### TASK DIRECTIONS
What you return should match the material below line for line, except that no image appears in it.

### GIVEN DATA

════════

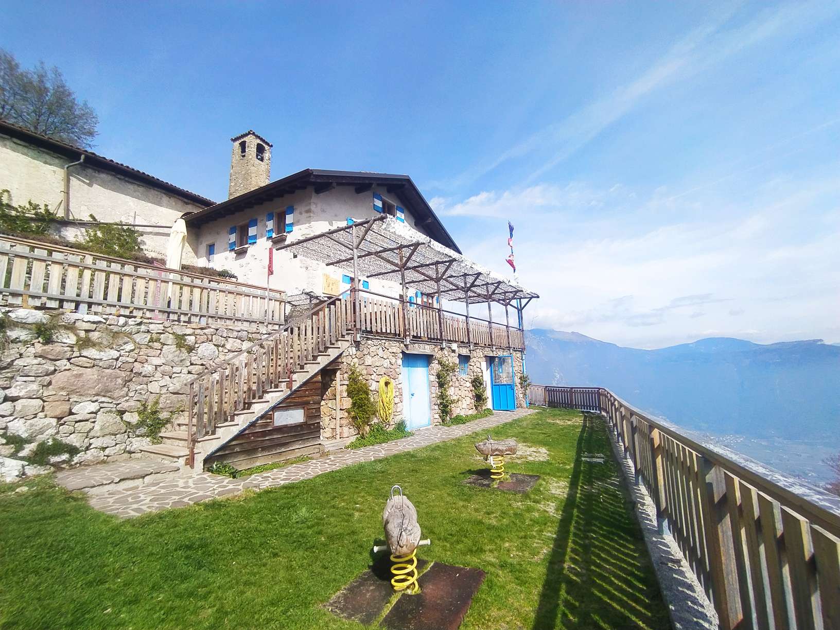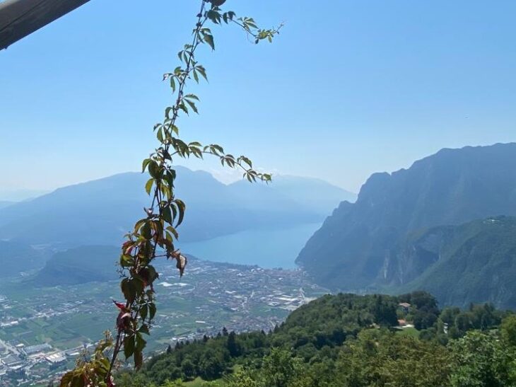 La terrazza, dicevamo… già perché qui il punto forte è proprio il panorama, con una vista meravigliosa su tutto l’Alto Garda e su una buona fetta del Lago di Garda. Da quassù si possono vedere il Monte Stivo, il Monte Altissimo, il Monte Baldo, la Rocchetta. Una vista strepitosa che renderà la sosta, accarezzati magari anche da un fresco venticello, un’esperienza indimenticabile e di vero relax.
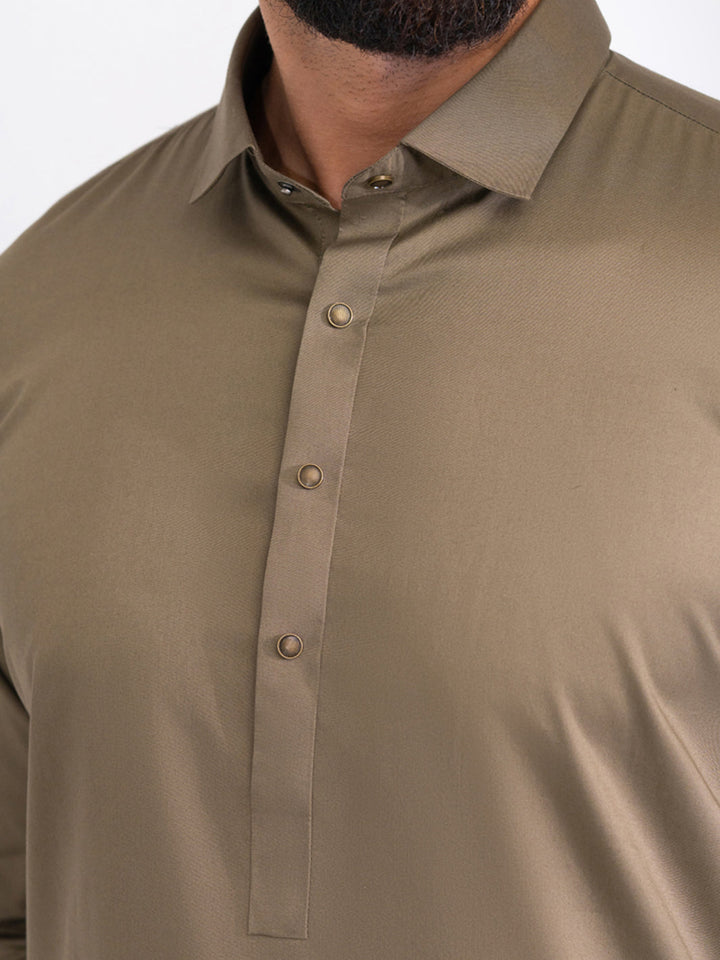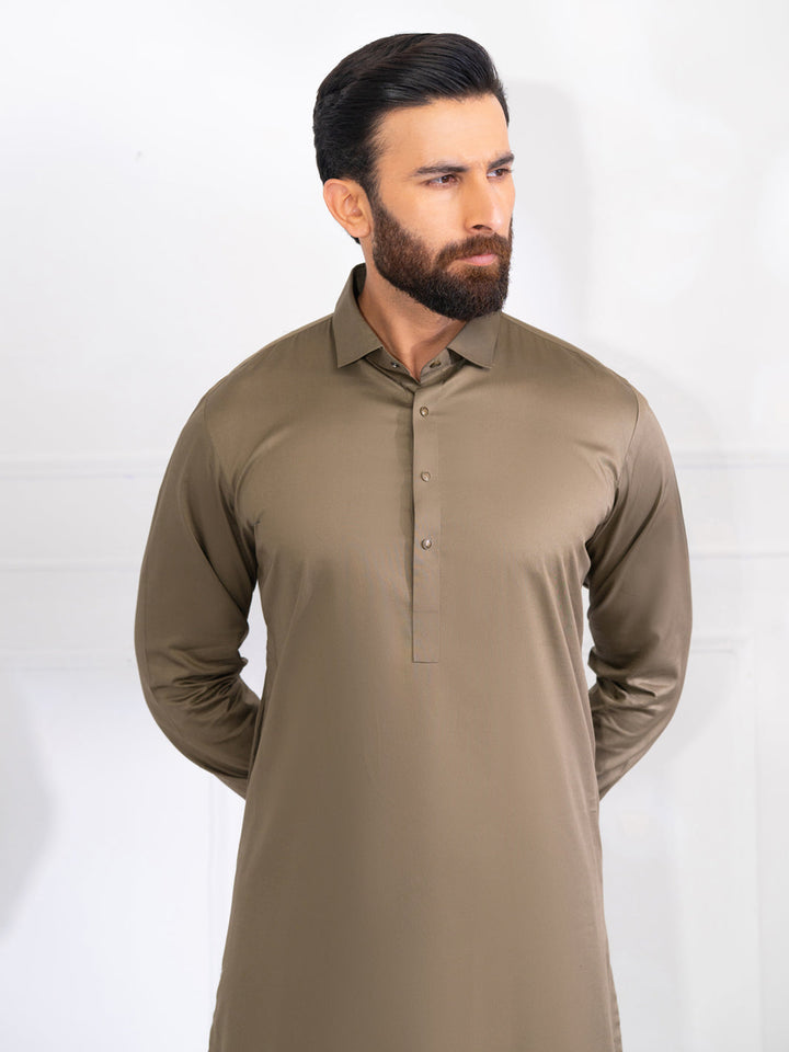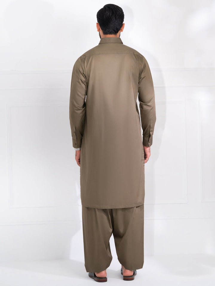 Olive Green Cotton Kameez Shalwar - ALWA-KS-537
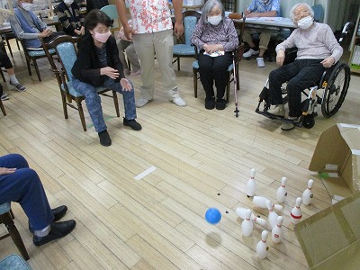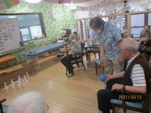 紅白にチーム分けし、まずは個人戦でボーリング
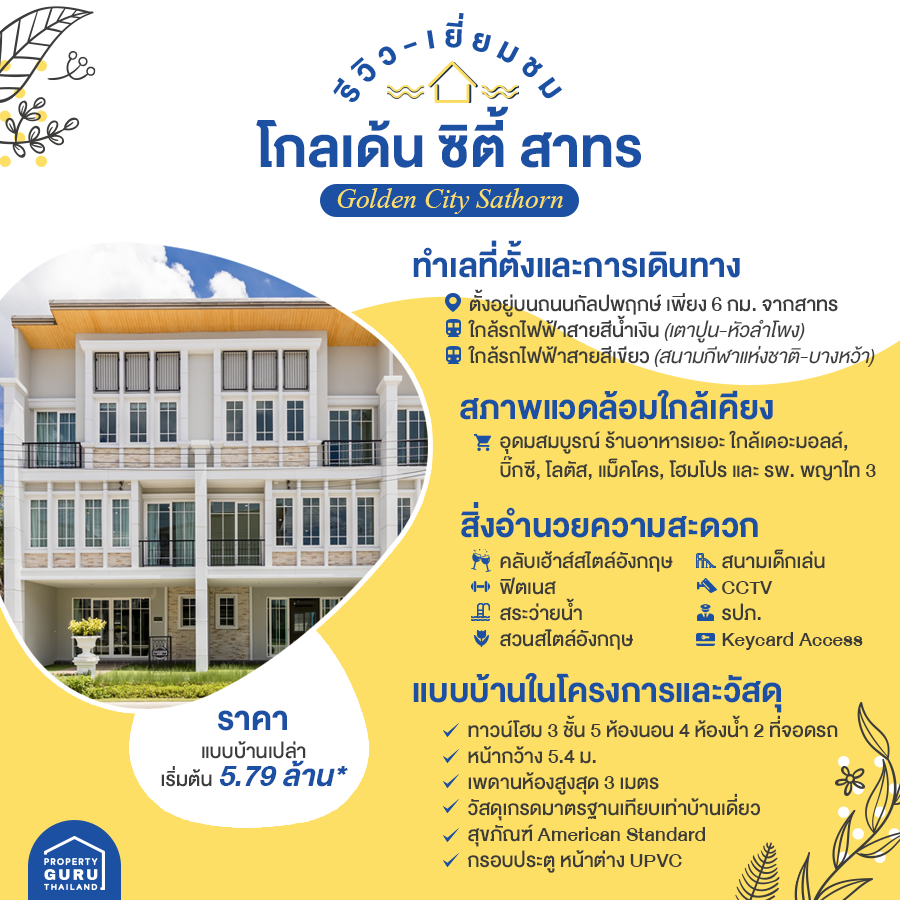 วันนี้ CheckRaka.com ขอพาทุกท่านไปเยี่ยมชมโครงการของ โกลเด้นแลนด์ กันค่ะ ซึ่งเป็นทาวน์โฮมพร้อมอยู่ระดับพรีเมียม โกลเด้น ซิตี้ สาทร (Golden City Sathorn) ขนาด 3 ชั้น 5 ห้องนอน 4 ห้องน้ำ 2 ที่จอดรถ สไตล์อังกฤษ พื้นที่ใช้สอยกว้าง 168 ตารางเมตร บนทำเลที่ใกล้เมืองมากๆ อยู่ต้นถนนกัลปพฤกษ์ เพียง 6 กม. จากสาทร และเพียง 1.5 กม. จากรถไฟฟ้า BTS วุฒากาศ ใกล้ทางด่วนพิเศษศรีรัช และแวดล้อมด้วยห้างสรรพสินค้า มาพร้อมคลับเฮ้าส์ สระว่ายน้ำ และสวนสีเขียวภายในโครงการ ได้ครบขนาดนี้ในราคา 5 ล้านนิดๆ จะสวยงามขนาดไหนตามไปชมกันเลยค่ะ

════════

### WRITTEN RESPONSE
 La terrazza, dicevamo… già perché qui il punto forte è proprio il panorama, con una vista meravigliosa su tutto l’Alto Garda e su una buona fetta del Lago di Garda. Da quassù si possono vedere il Monte Stivo, il Monte Altissimo, il Monte Baldo, la Rocchetta. Una vista strepitosa che renderà la sosta, accarezzati magari anche da un fresco venticello, un’esperienza indimenticabile e di vero relax.
 Olive Green Cotton Kameez Shalwar - ALWA-KS-537
 紅白にチーム分けし、まずは個人戦でボーリング
 วันนี้ CheckRaka.com ขอพาทุกท่านไปเยี่ยมชมโครงการของ โกลเด้นแลนด์ กันค่ะ ซึ่งเป็นทาวน์โฮมพร้อมอยู่ระดับพรีเมียม โกลเด้น ซิตี้ สาทร (Golden City Sathorn) ขนาด 3 ชั้น 5 ห้องนอน 4 ห้องน้ำ 2 ที่จอดรถ สไตล์อังกฤษ พื้นที่ใช้สอยกว้าง 168 ตารางเมตร บนทำเลที่ใกล้เมืองมากๆ อยู่ต้นถนนกัลปพฤกษ์ เพียง 6 กม. จากสาทร และเพียง 1.5 กม. จากรถไฟฟ้า BTS วุฒากาศ ใกล้ทางด่วนพิเศษศรีรัช และแวดล้อมด้วยห้างสรรพสินค้า มาพร้อมคลับเฮ้าส์ สระว่ายน้ำ และสวนสีเขียวภายในโครงการ ได้ครบขนาดนี้ในราคา 5 ล้านนิดๆ จะสวยงามขนาดไหนตามไปชมกันเลยค่ะ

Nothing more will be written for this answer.